Nós, do Ano Zero, planejamos mudar o mundo, e com a sua participação.

Claro, quando se fala em mudar o mundo, logo se imagina mudar para algo “melhor” e não, obviamente, “pior”.

Mas é que temos um problema com essa palavra, “melhor”. É que essa palavra parece ter algo de muito subjetivo e pessoal. Quando falamos em um mundo “melhor”, cada um de nós tem uma opinião diferente, conforme sua concepção sobre o que é certo ou errado, “bem” e “mal”. Hitler sonhava e os terroristas do ISIS sonham com um mundo “melhor”, segundo suas próprias concepções do que é certo e errado.

Então, nós do AZ pegamos emprestado da biologia o conceito de “evolução”, e dizemos que planejamos mudar o mundo, não para torná-lo melhor, mas sim para torná-lo um mundo mais evoluído.

E por evoluído entendemos algo objetivo e prático: evoluído é um mundo que está pronto para adaptar-se e enfrentar os grandes desafios que se apresentam, um mundo eficiente em lidar com os problemas que trazem sofrimento, confusão e violência à humanidade.

Mas qual a diferença prática entre um “mundo melhor” e um “mundo evoluído”? É que aqueles que buscam um mundo evoluído não estão tentando seguir uma cartilha teórica ou uma doutrina que explica como as coisas são e deveriam ser, e o que é certo e o que é errado, tentando impor essa cartilha ou doutrina à realidade, como se a realidade servisse para confirmar nossas expectativas e teorias. Na busca por um mundo evoluído, o critério principal é o da efetividade: o que efetivamente funciona, o que realmente produz efeitos quando buscamos solucionar os maiores problemas da humanidade?

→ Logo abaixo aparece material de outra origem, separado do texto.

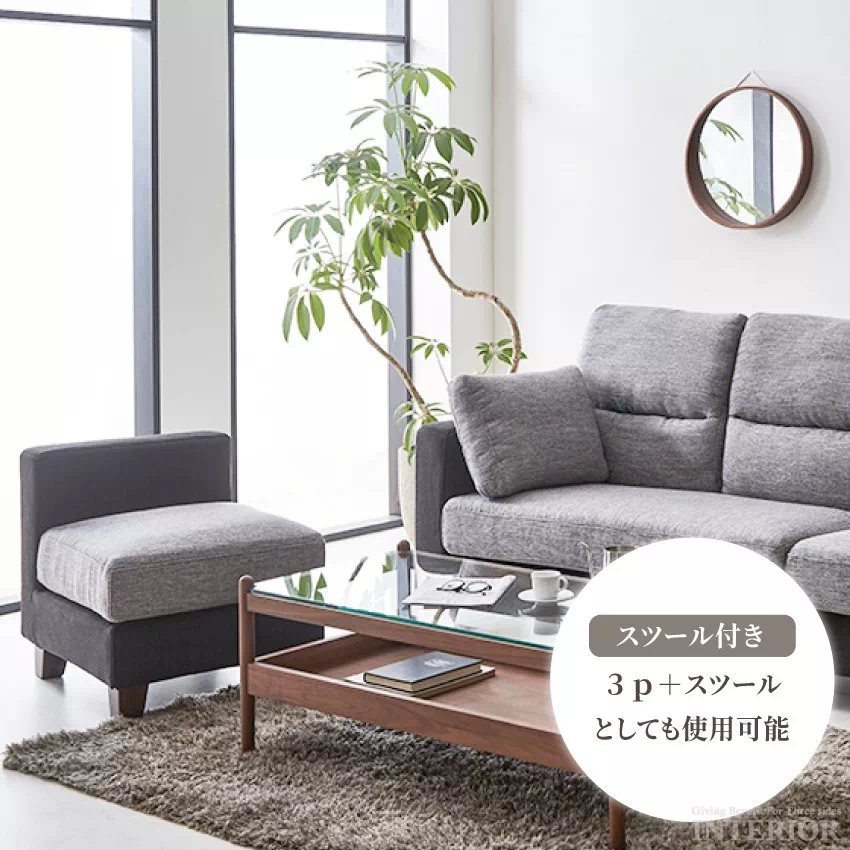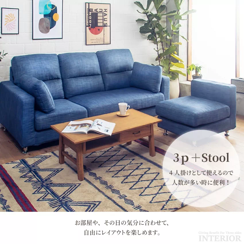 | ファブリック素材の3人掛けカウチソファ。切り離して3P+スツールとしてもご使用いただけます。左右自由にスツールと3Pソファを組み合わせることが出来るので、自由にレイアウトを楽しめます。豊富なカラーラインナップから、お好みの色をお選びください。脚もスタイリッシュなスチール脚とナチュラルな木製脚の2種類から選択可能です。 |

Com esse enfoque, não tememos buscar em tradições do passado e do presente, e em teorias e filosofias das mais diversas fontes, as ferramentas e ideias necessárias para que cada um dos principais desafios humanos seja adequadamente enfrentado e resolvido. Portanto, em nenhum momento pretendemos entronizar qualquer teoria ou doutrina (qualquer “ismo”) como se ela fosse uma verdade absoluta e excludente das demais teorias ou doutrinas. Não temos comprometimento com ideologias, mas com a eficácia e a adequação: queremos utilizar tudo o que seja adequado para efetivamente solucionar os grandes problemas que entravam o desenvolvimento do mundo.

Esclarecido esse ponto, resta saber como pretendemos mudar o mundo. Qual a estratégia?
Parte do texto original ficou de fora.